Again ; the administrators were required by the statute to make and file a statement of the debts, as far as they could discover the same, as soon as conveniently might be. And Chancellor Kent, in the case of Mooers v. White, (6 John. Ch. Rep. 360,) held that one year was a reasonable time for that purpose, unless special circumstances were shown to the surrogate to justify an application after that time. I will not say that in no conceivable case, under the former statute, the surrogate would be authorized to make an order where the administrators had neglected to make their application after the lapse of several years.
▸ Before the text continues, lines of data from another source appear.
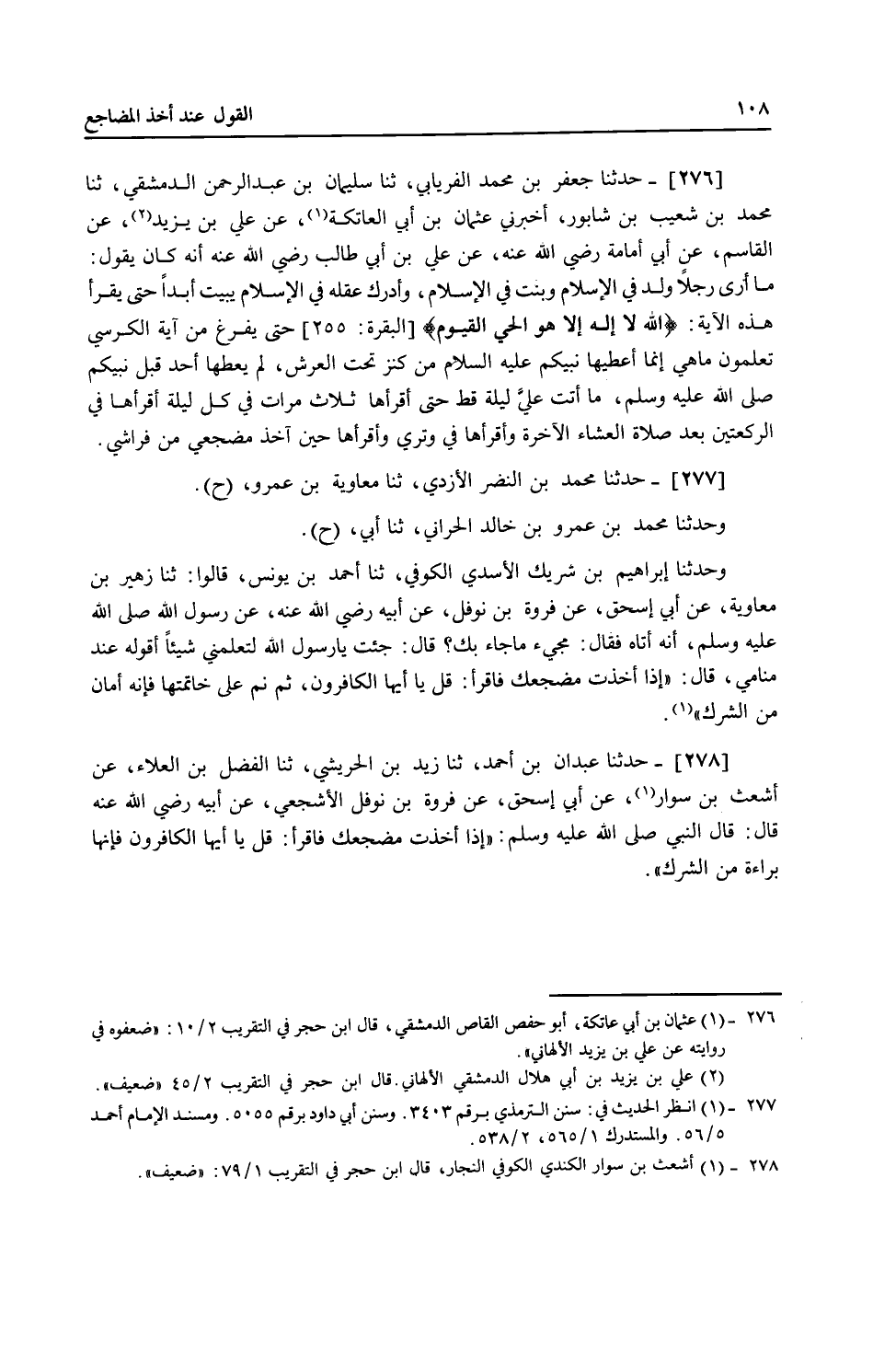 278 - حَدَّثَنَا عَبْدَانُ بْنُ أَحْمَدَ، ثنا زَيْدُ بْنُ الْحَرِيشِ، ثنا الْفَضْلُ بْنُ الْعَلَاءِ، عَنْ أَشْعَثَ بْنِ سَوَّارٍ، عَنْ أَبِي إِسْحَاقَ، عَنْ فَرْوَةَ بْنِ نَوْفَلٍ الْأَشْجَعِيِّ، عَنْ أَبِيهِ، رَضِيَ اللَّهُ عَنْهُ قَالَ: قَالَ النَّبِيُّ صَلَّى اللهُ عَلَيْهِ وَسَلَّمَ: «§إِذَا أَخَذْتَ مَضْجَعَكَ فَاقْرَأْ قُلْ يَا أَيُّهَا الْكَافِرُونَ فَإِنَّهَا بَرَاءَةٌ مِنَ الشِّرْكِ»
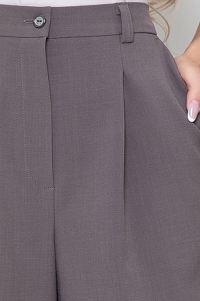 Шорты-бермуды из костюмной ткани,с центральной застежкой "гульфик" на молнию и пуговицу.По переду-боковые наклонные карманы.Пояс по спинке собран на эластичную резину.
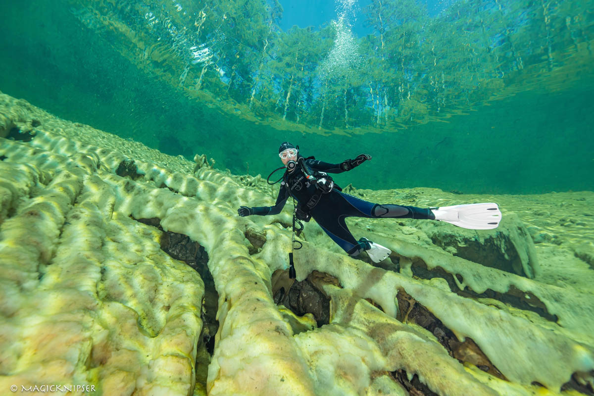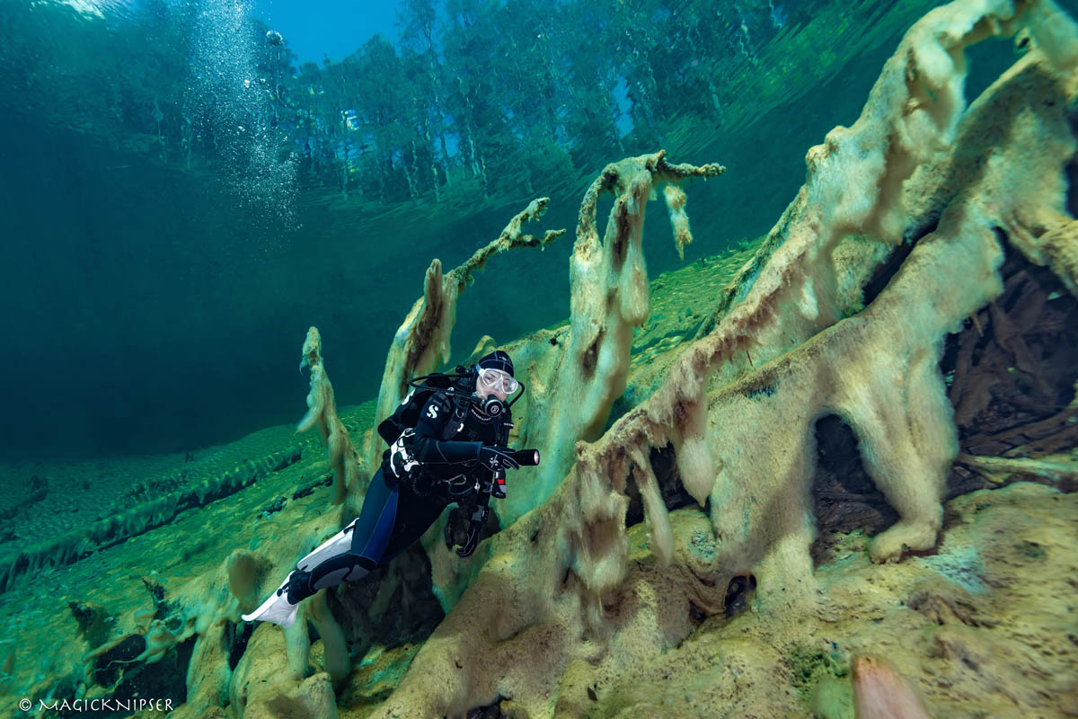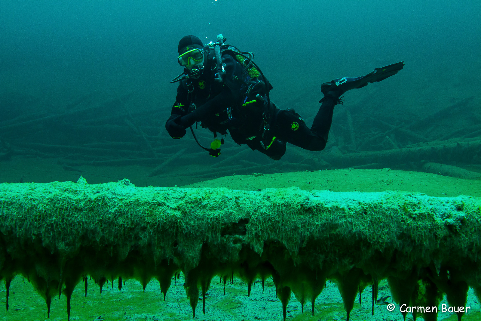Wir wurden von namhaften Biologen, die in unseren Seen Untersuchungen durchführten, darauf aufmerksam gemacht, dass bei nicht fachgerechtem Tauchen, Sedimente aufgewirbelt werden, die sich auf der Unterwasserflora ablegen. Dadurch bekommen diese Pflanzen zuwenig UV-Strahlung und sterben ab. Bedingt durch die große Kälte des Wassers, dauert es Jahrzehnte, bis sich die Pflanzen wieder regenerieren und nachwachsen können. Aufgrund der Aussagen dieser Fachleute, sind wir genötigt, mehr auf die Qualifikation unserer Taucher zu achten. (Von den Biologen wurde eine noch strengere Handhabung gewünscht!). Näheres dazu entnehmen Sie bitte unserer Tauchordnung.
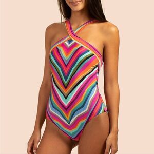 Trina Turk. Louvre high Neck Reversible One Piece Swimsuit. Louvre Print Swim Knit. Colorful and sexy, this rainbow-soaked one-piece swimsuit is the perfect choice for your next beach vacation. Flattering mitered stripes highlight your best assets while adjustable sash ties create the perfect fit.
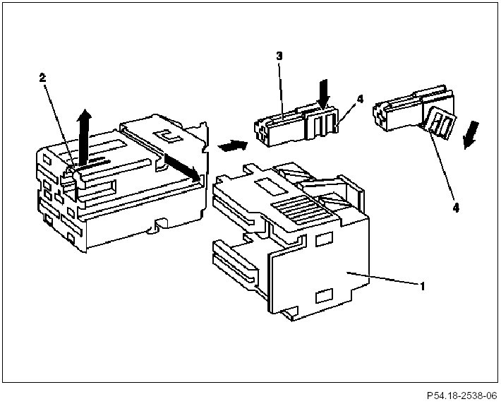 19 A slight tug on the corresponding cable will remove the female contact (1) from the coupling.

But to justify the surrogate in making an order after such a lapse of time, the executors or administrators applying for the order must at least state in their petition that new debts, which were valid and subsisting claims against the estate, had recently been discovered. And if more than six years had elapsed they would also be bound to show that the debts were of such a nature that they were not barred by the statute of limitations. The administrators, in such a case, had no right to volunteer to pay debts which could not legally be enforced against them, or against the estate of the heirs at law, when the administrators had no assets in their hands. And if they did so, before the confirmation of the sale, and when they had no legal right to receive the purchase money, they did it in their own wrong and should themselves bear the loss.
The order appealed from mpst he affirmed with costs as. to the respondent Samuel Rea, who is made a party to thp petition of appeal and has answered the same. And as to every other person who had any interest in sustaining that order the appeal must be dismissed.